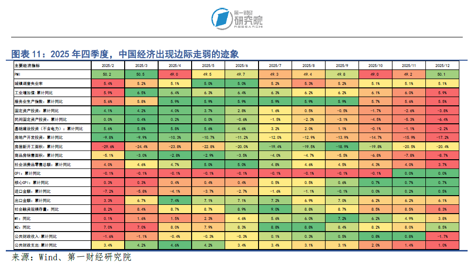值得注意的是,展望2026年,人民币汇率也存在阶段性走弱的风险。首先,中国经济基本面在2025年四季度出现边际走弱的迹象,可能带动人民币汇率下滑。虽然2025年全年完成了5%的GDP增长目标,但四季度GDP明显放缓,单季GDP增速仅为4.5%,为三年来最低的单季增速。从经济结构上看,消费和投资增速同步下滑,2025年12月当月社会消费品零售总额增速仅为0.9%,房地产开发投资全年下降17.2%,表明居民消费和地产链条尚未企稳。此外,2025年中国外贸表现强劲,一定程度上是出口商在当下关税谈判阶段进行“抢出口”的活动,2026年中国外贸表现的动能同样有走弱的风险。
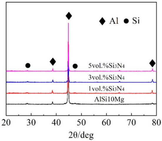 XRD diffraction patterns of AlSi10Mg and nano-Si3N4/AlSi10Mg composites.
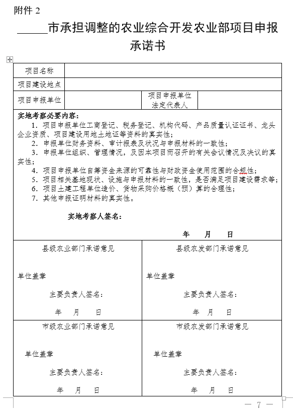 2. 市承担调整的农业综合开发农业部项目申报承诺书
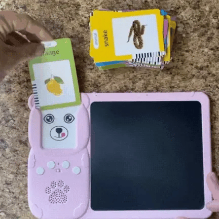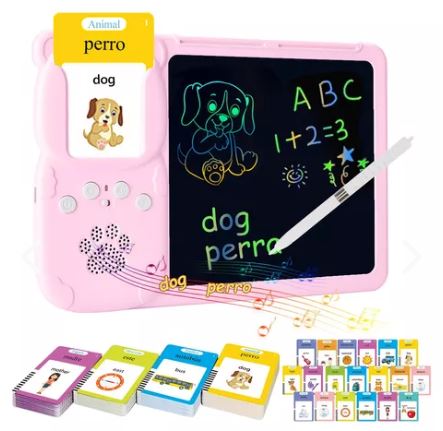 Incluye tarjetas flash parlantes con sonidos reales de coches y animales, y una tableta de escritura LCD para dibujar y practicar escritura. Es una herramienta 2 en 1 que estimula la atención y la creatividad mientras los niños aprenden jugando.
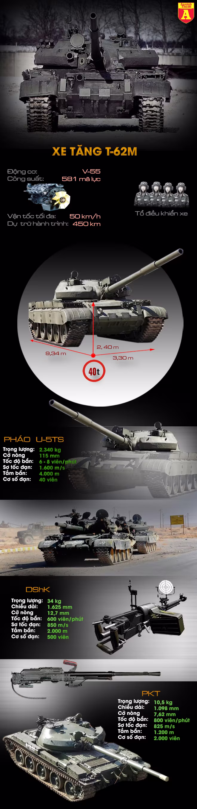 T-62M là biến thể nâng cấp hiện đại của xe tăng T-62 của Nga. Bị đánh giá thua kém T-72, T-90, tuy nhiên khi tham chiến tại Syria, chiếc T-62M của quân đội Syria đã thể hiện xuất sắc khi đã bảo vệ kíp lái an toàn và vẫn đứng vững không bị phá hủy ngay cả khi trúng tên lửa chống tăng TOW do Mỹ sản xuất.
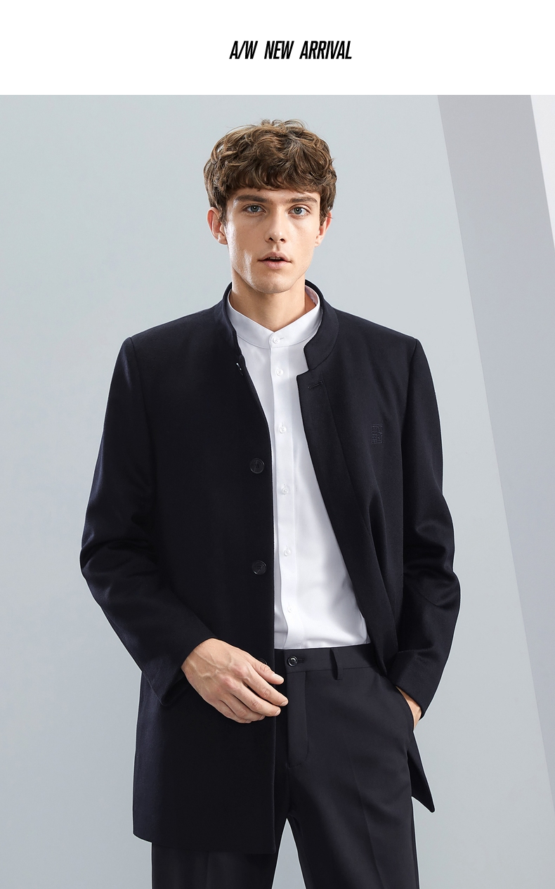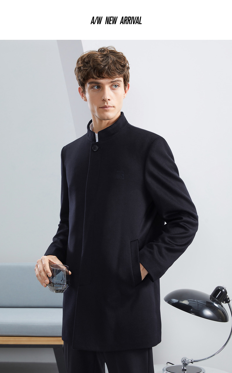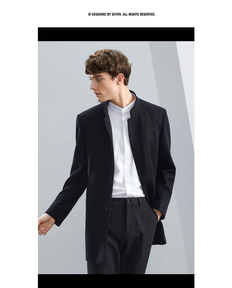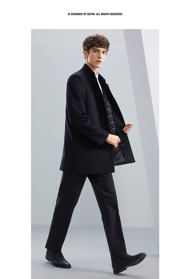 【中华立领】柒牌男士毛呢大衣冬季厚款可拆卸羽绒内胆含羊绒外套 125D70310
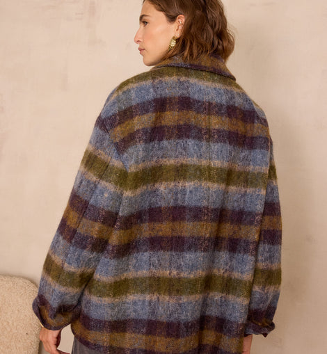 • MANTEAU MI-LONG DANNY EN LAINE À CARREAUX
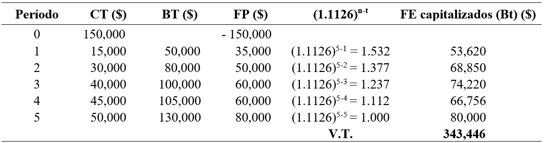 Nt= Monto de beneficios incrementales netos positivos, cifras en unidades monetarias
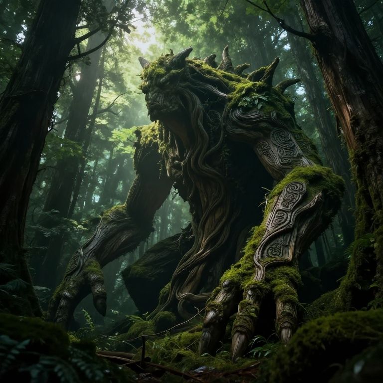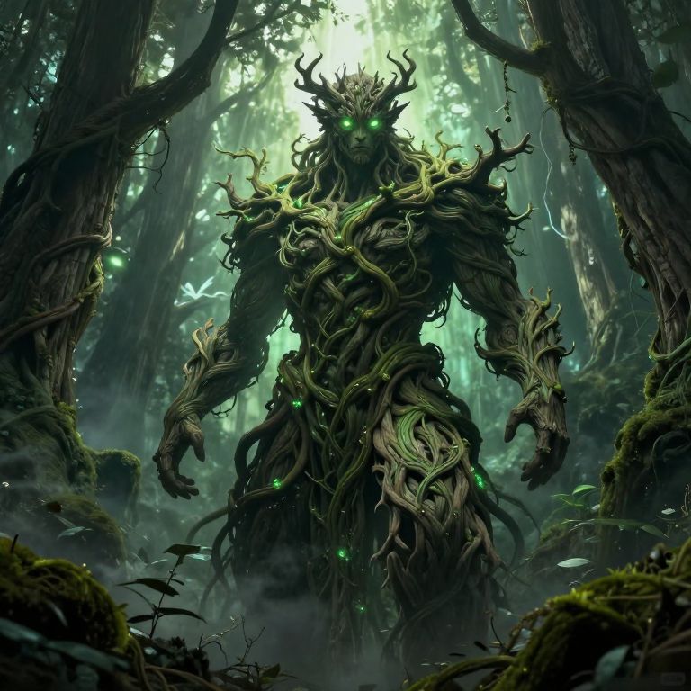 A towering fantasy figure composed of intertwined ancient trees and vines, with glowing green eyes. The mythical forest guardian stands amidst a misty, dense woodland with ethereal light beams filtering through the tall trees. Rich textures highlight the detailed wooden and plant-like features of the guardian, blending seamlessly with the natural environment.
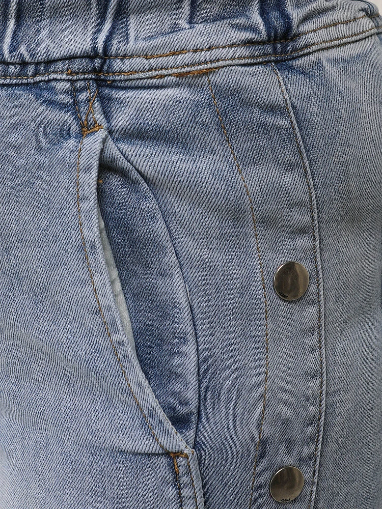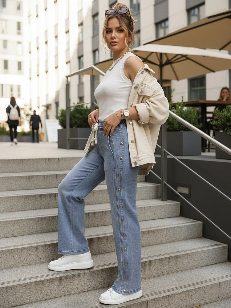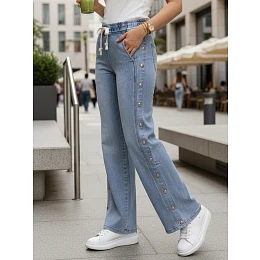 Dámské džíny volného střihu se širokou nohavicí poskytují volnost pohybu a pohodlí při každodenním nošení. Elastický pas se stahovací šňůrkou umožňuje snadné přizpůsobení. Džínsový materiál dobře sedí na těle a zachovává si svůj tvar. Ozdobné patentky na bocích dodávají celkovému vzhledu moderní nádech.
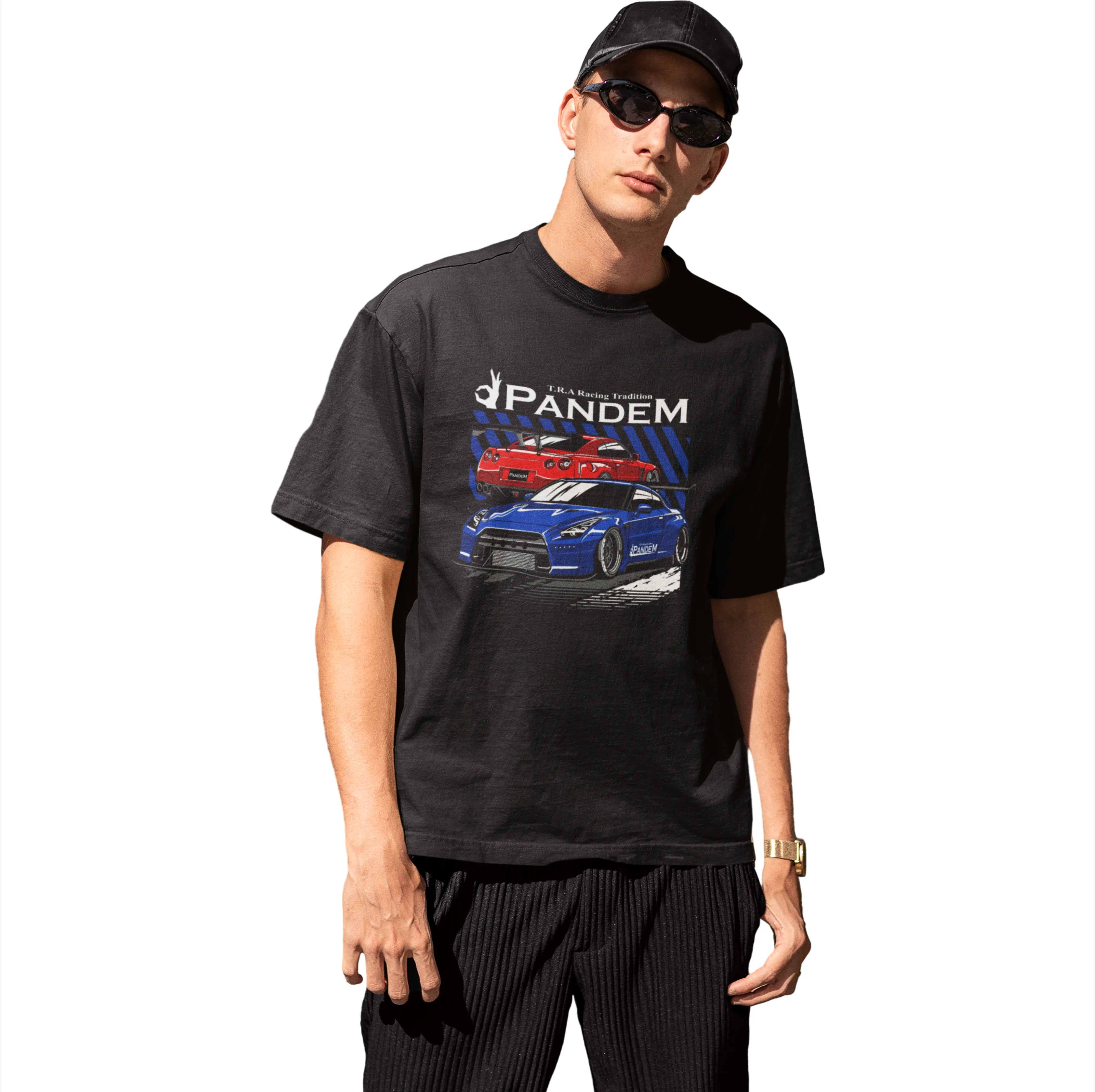 Man wearing a black t-shirt with a car graphic and 'PANDEM' branding on a white background

» **Try it**: Exactly the lines from the top of the entries through the line with "Incluye tarjetas flash", inclusive, must be given again, with every picture omitted.

» **Result of the exercise**:
值得注意的是,展望2026年,人民币汇率也存在阶段性走弱的风险。首先,中国经济基本面在2025年四季度出现边际走弱的迹象,可能带动人民币汇率下滑。虽然2025年全年完成了5%的GDP增长目标,但四季度GDP明显放缓,单季GDP增速仅为4.5%,为三年来最低的单季增速。从经济结构上看,消费和投资增速同步下滑,2025年12月当月社会消费品零售总额增速仅为0.9%,房地产开发投资全年下降17.2%,表明居民消费和地产链条尚未企稳。此外,2025年中国外贸表现强劲,一定程度上是出口商在当下关税谈判阶段进行“抢出口”的活动,2026年中国外贸表现的动能同样有走弱的风险。
 XRD diffraction patterns of AlSi10Mg and nano-Si3N4/AlSi10Mg composites.
 2. 市承担调整的农业综合开发农业部项目申报承诺书
 Incluye tarjetas flash parlantes con sonidos reales de coches y animales, y una tableta de escritura LCD para dibujar y practicar escritura. Es una herramienta 2 en 1 que estimula la atención y la creatividad mientras los niños aprenden jugando.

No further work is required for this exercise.